Отличный был это смех, настоящий, знаменательный смех для человека, который столько лет прожил без всякого смеха. Этот хохот предвещал длинный, длинный ряд блестящих повторений!
– Не знаю, какое сегодня число, какой день месяца! Не знаю, долго ли я был с призраками. Ничего, ничего не знаю. Совсем как ребенок. Да что за важность, лучше буду ребенком. Гей! Ура, ура!
Его восторги были прерваны звоном колоколов, звучавших как никогда прежде. «Динь, динь, дон. Динь-дирин-динь, дон, дон дон!» О, чудесно, чудесно!
Подбежав к окну, он отворил его и выглянул. Тумана как не бывало; яркий, веселый, морозный день. Блестящее солнце, прозрачное небо! О, чудо, о, восторг!
– Какой день сегодня? – закричал Скрудж, окликая шедшего внизу мальчика в праздничном платье.
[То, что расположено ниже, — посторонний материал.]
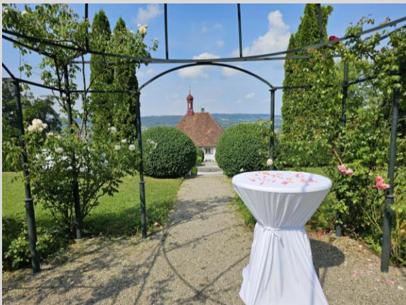
Rosengarten bis 120 Personen
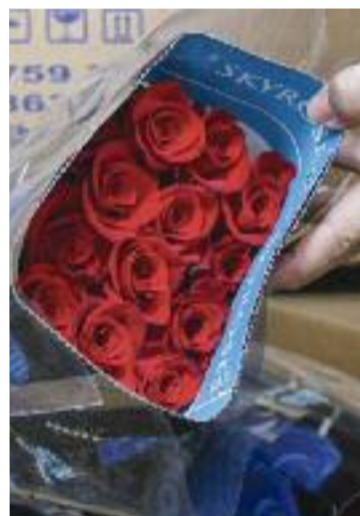
El cultiu de flors, una causa.

MASNOU/TEIÀ ▶ Agents de Mossos d'Esquadra i de les policies locals del Masnou i de Teià van detenir el 25 de juny 11 persones quan es disposaven a robar en una zona d'hivernacles situada al camí del Mig, al paratge de la Riera del Bou. Els fets van tenir lloc a la matinada, mentre els agents de Mossos feien una comprovació rutinària. Els detinguts van passar a disposició judicial.
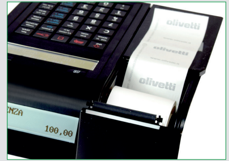
Inserimento rapido e agevole del rotolo carta
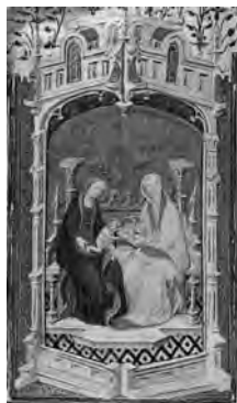
Fig. 4. «Ana triple», Oraciones añadidas al Libro de Horas Beaufort-Beauchamp , Inglaterra y Países Bajos (1401-1415). Londres, British Library, Ms. Royal 2A. XVIII, fol. 13v.
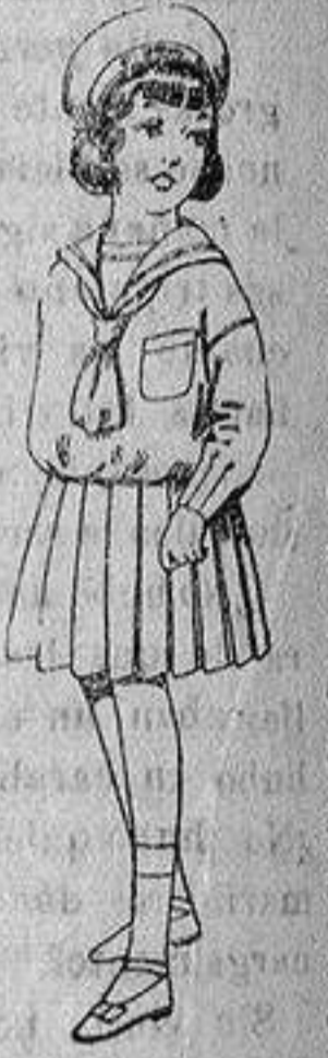
Trajes marinera, de lanilla azul, para niñas de 4 a 9 años. Ptas. 32 a 38

– Что? – отозвался тот в полном недоумении.
– Какой нынче день, мальчуган? – повторил Скрудж.
– Нынче? Да нынче Рождество Христово.
– А, Рождество! – сказал Скрудж самому себе. – Значит, я не пропустил его. Духи все в одну ночь обработали. Все, что хотят, то и делают. Конечно, они это могут. Конечно. Эй, мальчик?
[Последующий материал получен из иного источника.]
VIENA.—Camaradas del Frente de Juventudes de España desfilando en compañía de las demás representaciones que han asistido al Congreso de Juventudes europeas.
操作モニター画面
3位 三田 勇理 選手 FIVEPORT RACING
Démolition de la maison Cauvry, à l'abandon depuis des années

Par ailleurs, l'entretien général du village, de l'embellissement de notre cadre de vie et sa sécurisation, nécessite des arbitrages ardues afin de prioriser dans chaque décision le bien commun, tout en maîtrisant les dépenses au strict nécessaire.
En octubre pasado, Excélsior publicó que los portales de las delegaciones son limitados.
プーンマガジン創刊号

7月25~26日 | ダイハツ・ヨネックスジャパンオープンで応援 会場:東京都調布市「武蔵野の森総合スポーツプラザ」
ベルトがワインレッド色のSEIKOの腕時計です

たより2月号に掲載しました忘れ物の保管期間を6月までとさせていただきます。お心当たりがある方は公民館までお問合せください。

– Что вам? – отозвался тот.
– Знаешь ты мясную лавку, что на углу второй отсюда улицы? – осведомился Скрудж.
– Как не знать!
– Умный мальчик! – сказал Скрудж. – Замечательный мальчик! А не знаешь ли ты, продали они ту знаменитую индюшку, что была у них вывешена? Не маленькую, а ту, толстую?
– А, это что с меня-то будет? – отвечал мальчик.
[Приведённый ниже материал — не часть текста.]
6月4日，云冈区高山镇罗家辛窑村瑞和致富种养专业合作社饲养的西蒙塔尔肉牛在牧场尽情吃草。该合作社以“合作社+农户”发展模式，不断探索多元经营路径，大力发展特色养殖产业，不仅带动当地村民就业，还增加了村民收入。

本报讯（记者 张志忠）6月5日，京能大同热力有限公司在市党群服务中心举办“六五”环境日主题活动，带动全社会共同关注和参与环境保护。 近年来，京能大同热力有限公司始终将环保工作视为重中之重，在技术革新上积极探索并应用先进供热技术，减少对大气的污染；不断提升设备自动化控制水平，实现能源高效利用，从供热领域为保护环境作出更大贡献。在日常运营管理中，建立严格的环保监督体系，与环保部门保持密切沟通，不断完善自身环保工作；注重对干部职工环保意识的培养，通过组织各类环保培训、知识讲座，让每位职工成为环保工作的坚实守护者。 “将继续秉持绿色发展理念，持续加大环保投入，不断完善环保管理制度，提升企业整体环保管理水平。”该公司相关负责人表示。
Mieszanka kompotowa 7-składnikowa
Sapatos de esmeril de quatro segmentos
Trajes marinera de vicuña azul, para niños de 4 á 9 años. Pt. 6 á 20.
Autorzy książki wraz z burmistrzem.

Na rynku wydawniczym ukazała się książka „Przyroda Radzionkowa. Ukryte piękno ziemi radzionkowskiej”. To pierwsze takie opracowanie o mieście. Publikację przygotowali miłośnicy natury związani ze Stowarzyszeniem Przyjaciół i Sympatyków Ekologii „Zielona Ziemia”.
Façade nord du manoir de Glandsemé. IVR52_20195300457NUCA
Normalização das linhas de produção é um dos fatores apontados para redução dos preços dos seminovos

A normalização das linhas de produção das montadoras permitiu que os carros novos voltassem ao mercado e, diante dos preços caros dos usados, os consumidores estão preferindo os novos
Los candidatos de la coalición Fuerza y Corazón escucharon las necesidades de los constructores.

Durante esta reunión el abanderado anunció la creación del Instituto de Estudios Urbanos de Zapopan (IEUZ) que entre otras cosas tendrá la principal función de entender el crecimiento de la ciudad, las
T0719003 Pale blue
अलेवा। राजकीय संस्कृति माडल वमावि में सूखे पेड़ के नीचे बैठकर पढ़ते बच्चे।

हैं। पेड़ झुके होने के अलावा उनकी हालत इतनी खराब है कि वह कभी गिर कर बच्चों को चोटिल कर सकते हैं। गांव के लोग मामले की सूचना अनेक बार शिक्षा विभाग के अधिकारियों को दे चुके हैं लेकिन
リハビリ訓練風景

– Ну что за прелесть этот мальчик! – сказал Скрудж. – Просто удовольствие говорить с ним.
– Она и сейчас там висит.
– Правда? Поди-ка, купи ее.
– Э, полно вам шутить!
– Кроме шуток. Серьезно говорю. Поди, купи ее да вели сюда принести; я скажу, куда ее отправить. Сам тоже приходи с посланным, я дам тебе шиллинг. А если вернешься с ним сюда раньше, чем пройдет пять минут, то подарю тебе пол кроны!
Мальчик пустился бежать изо всей мочи.
– Пошлю ее Бобу Крэтчиту, – шептал Скрудж, потирая руки и посмеиваясь, – он не узнает, кто ее послал. Она как раз вдвое больше Тимоши. Вот штука-то будет.